古代の土木と呪術

今回も前回の続きで、千葉県房総半島を巡ったその続きとなります。

お伝えする場所は、房総半島の南端の館山から、外房(房総半島の太平洋側沿岸)沿いを100km以上北上したところにある、千葉県いすみ市内となります。

■東叡山飯縄寺

館山から国道128号線を北に向かって走り、太東埼灯台付近で東に折れると、そこにあったのが飯縄寺(いづなてら)です。

元々ここは訪れる予定のなかったところなのですが、江戸時代の有名な彫物師「波の伊八」(なみのいはち)の最高傑作があるというので、同行者の勧めもあって急遽ここに立ち寄ることにしたのです。

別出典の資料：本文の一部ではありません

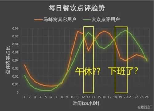 再看一张图,每日餐饮点评数量趋势,大众点评是在午饭和晚饭活跃。对吧,人之常情嘛,吃完饭抒发一下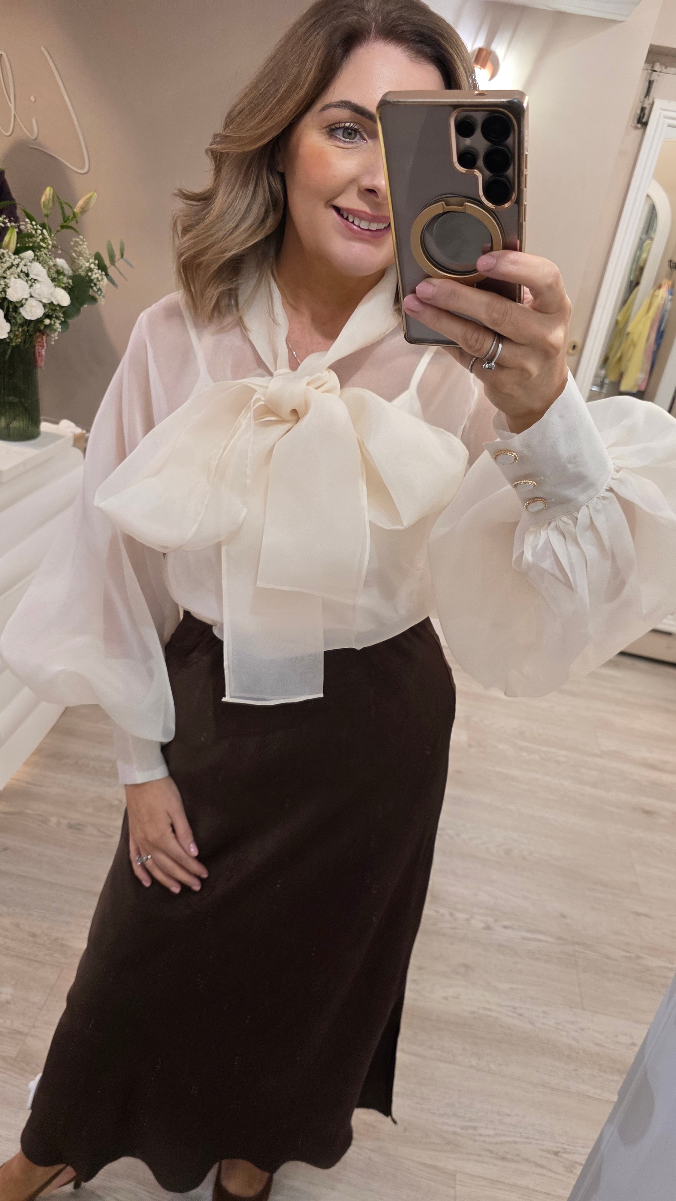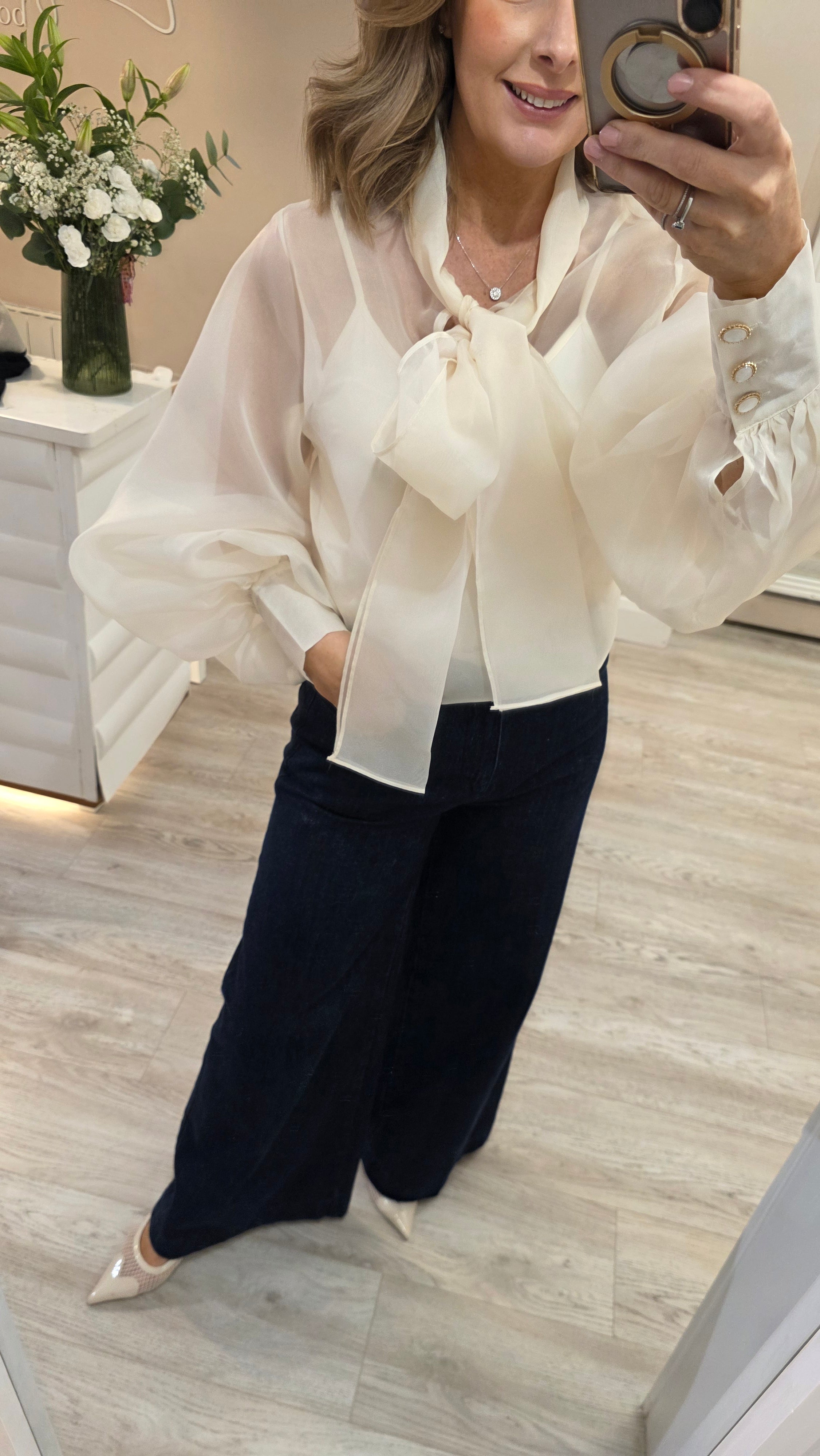 Sleeve Detail: It features bishop sleeves—dramatic, billowy volume that gathers at a tall, structured button cuff.

実は。「飯縄」という文字を見ただけで、修験の里、長野県の飯縄山を連想させるだけでなく、民間呪術である「飯縄法術」とも何か関係がありそうで、それだけでも興味をそそられてしまったのです。

画像1:飯縄寺本堂

この画像を見て気付かれた方もいらっしゃるかと思いますが、山門から一直線に続く参道は、本堂の前で左に角度を付けて曲がっているのです。

画像2:参道が左に折れている

気学や風水を学ばれた方ならもうお分かりのように、これは気の触りを防ぐ配置で、このお寺がその辺の知識を取り入れて設計されたものであることが一目瞭然なのです。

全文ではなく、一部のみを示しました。